Records for processing
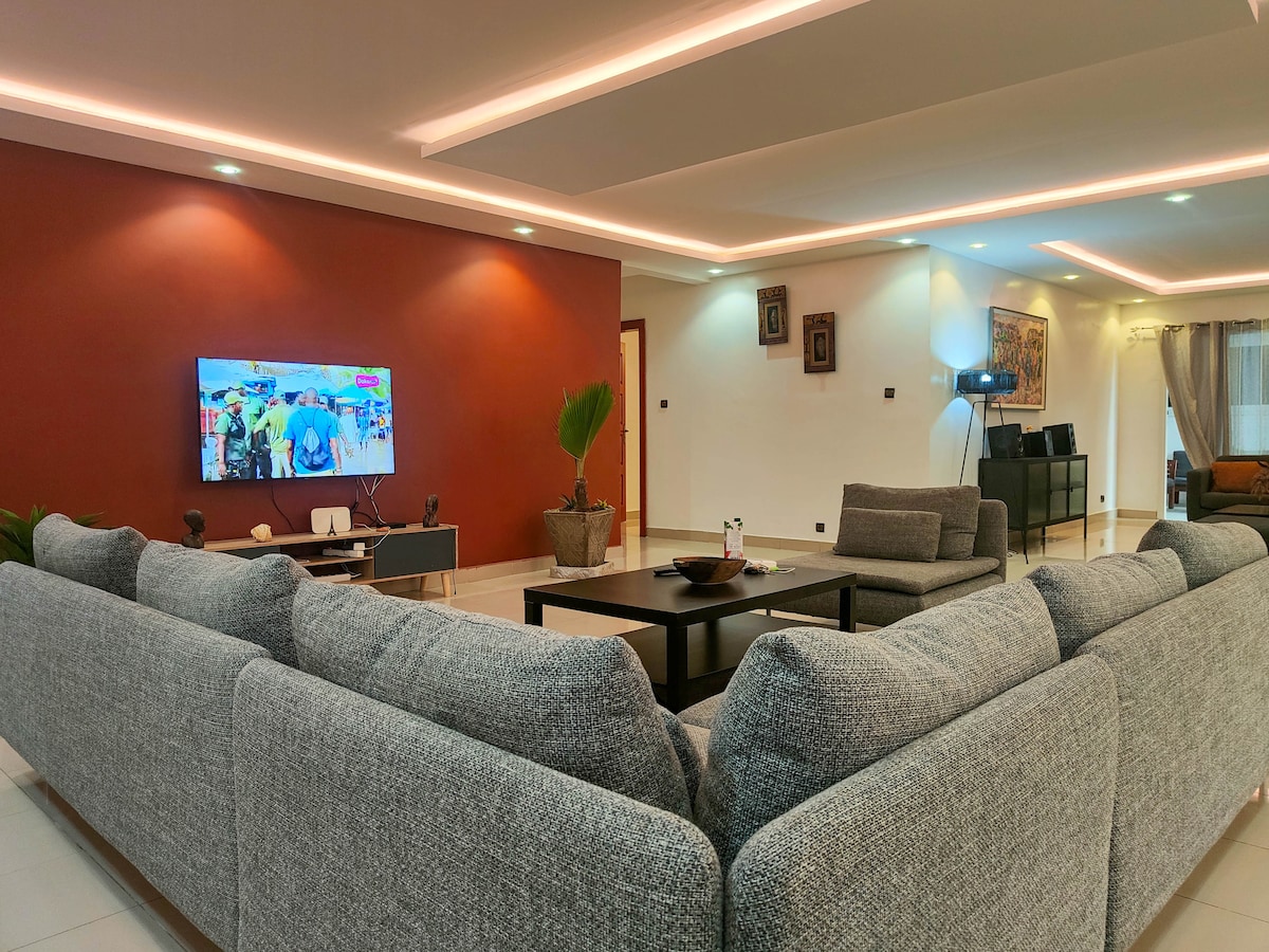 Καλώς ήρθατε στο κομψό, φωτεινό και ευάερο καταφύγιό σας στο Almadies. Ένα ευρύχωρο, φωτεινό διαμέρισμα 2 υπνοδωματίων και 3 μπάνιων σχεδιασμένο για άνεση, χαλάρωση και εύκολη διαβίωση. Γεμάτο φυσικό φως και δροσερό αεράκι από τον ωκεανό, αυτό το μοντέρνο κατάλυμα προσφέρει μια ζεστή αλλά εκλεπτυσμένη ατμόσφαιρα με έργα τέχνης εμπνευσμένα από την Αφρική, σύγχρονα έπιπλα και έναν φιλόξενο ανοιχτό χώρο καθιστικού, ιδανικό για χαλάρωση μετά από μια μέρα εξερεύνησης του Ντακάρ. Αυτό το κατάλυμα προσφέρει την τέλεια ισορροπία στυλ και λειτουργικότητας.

--

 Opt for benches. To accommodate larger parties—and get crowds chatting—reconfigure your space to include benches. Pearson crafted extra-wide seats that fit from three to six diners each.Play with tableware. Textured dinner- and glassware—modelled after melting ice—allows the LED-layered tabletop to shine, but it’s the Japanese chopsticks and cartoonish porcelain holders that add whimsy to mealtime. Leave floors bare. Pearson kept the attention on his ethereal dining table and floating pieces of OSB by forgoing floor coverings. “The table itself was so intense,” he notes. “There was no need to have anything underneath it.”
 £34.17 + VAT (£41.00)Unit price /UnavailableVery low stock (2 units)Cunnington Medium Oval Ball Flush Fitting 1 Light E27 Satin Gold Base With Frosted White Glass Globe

What to produce
Reproduce the lines of the entries above from the one with "Opt for benches." to the one with "White Glass Globe", both included, exactly and without any other line.

Solution
 Opt for benches. To accommodate larger parties—and get crowds chatting—reconfigure your space to include benches. Pearson crafted extra-wide seats that fit from three to six diners each.Play with tableware. Textured dinner- and glassware—modelled after melting ice—allows the LED-layered tabletop to shine, but it’s the Japanese chopsticks and cartoonish porcelain holders that add whimsy to mealtime. Leave floors bare. Pearson kept the attention on his ethereal dining table and floating pieces of OSB by forgoing floor coverings. “The table itself was so intense,” he notes. “There was no need to have anything underneath it.”
 £34.17 + VAT (£41.00)Unit price /UnavailableVery low stock (2 units)Cunnington Medium Oval Ball Flush Fitting 1 Light E27 Satin Gold Base With Frosted White Glass Globe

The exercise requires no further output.